Here is an abstract sequence diagram showing some typical user calls to the database. Several components are involved: CPU for the backed process, or for background processes, the OS, the storage… Our tuning goal is to reduce the user call duration. And then to reduce or optimize the work done in the different layers. With the current statistics available on PostgreSQL, like PG_STAT_ACTIVITY or PG_STAT_STATEMENTS, or available from the OS (strace to measure system call duration) we have a vertical approach on the load. We can look at each component individually:

This is basically what we did on Oracle before ASH (Active Session History) was introduced in 10g, 12 years ago. The activity sampling approach takes an orthogonal point of view. Rather than cumulating statistics for each components, it looks at what happens on the system at specific point in times, across all components.
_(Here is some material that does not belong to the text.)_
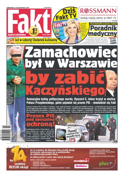 Sensacyjne kulisy politycznego mordu – Ryszard C. latem krążył w okolicy Pałacu Prezydenckiego, gdzie pojawiał się prezes PiS; zaledwie kilka godzin po ataku w Łodzi prezes PiS dostał podwójną ochronę; Ryszard Kalisz i Wojciech Olejniczak spotkali się w warszawskiej kawiarni; prawie 300 uczniów było w klasach, gdy płomienie objęły gimnazjum w Sianowie; Edyta Herbuś wie, jak zadbać o swoją figurę; już niebawem Andrzej Łapicki pojawi się na planie najpopularniejszej polskiej telenoweli; Julia Kamińska wróciła na studia; kibice Justyny Kowalczyk będą musieli przyzwyczaić się do nowych kolorów swojej ulubienicy.

We don’t have all measures (such as how many execution of a query) but only samples. However, each sample gives a complete view from the user call down to the system calls. And 1 second samples are sufficient to address any relevant activity, without taking too much space for short retention. For each sample, we cover all layers end-to-end:

This horizontal approach makes the link between the user calls (the user perception of the database performance) and the system resources where we can analyze and optimize. With this, we can ensure that our tuning activity always focuses on the problem (the user response time) by addressing the root cause on the right component.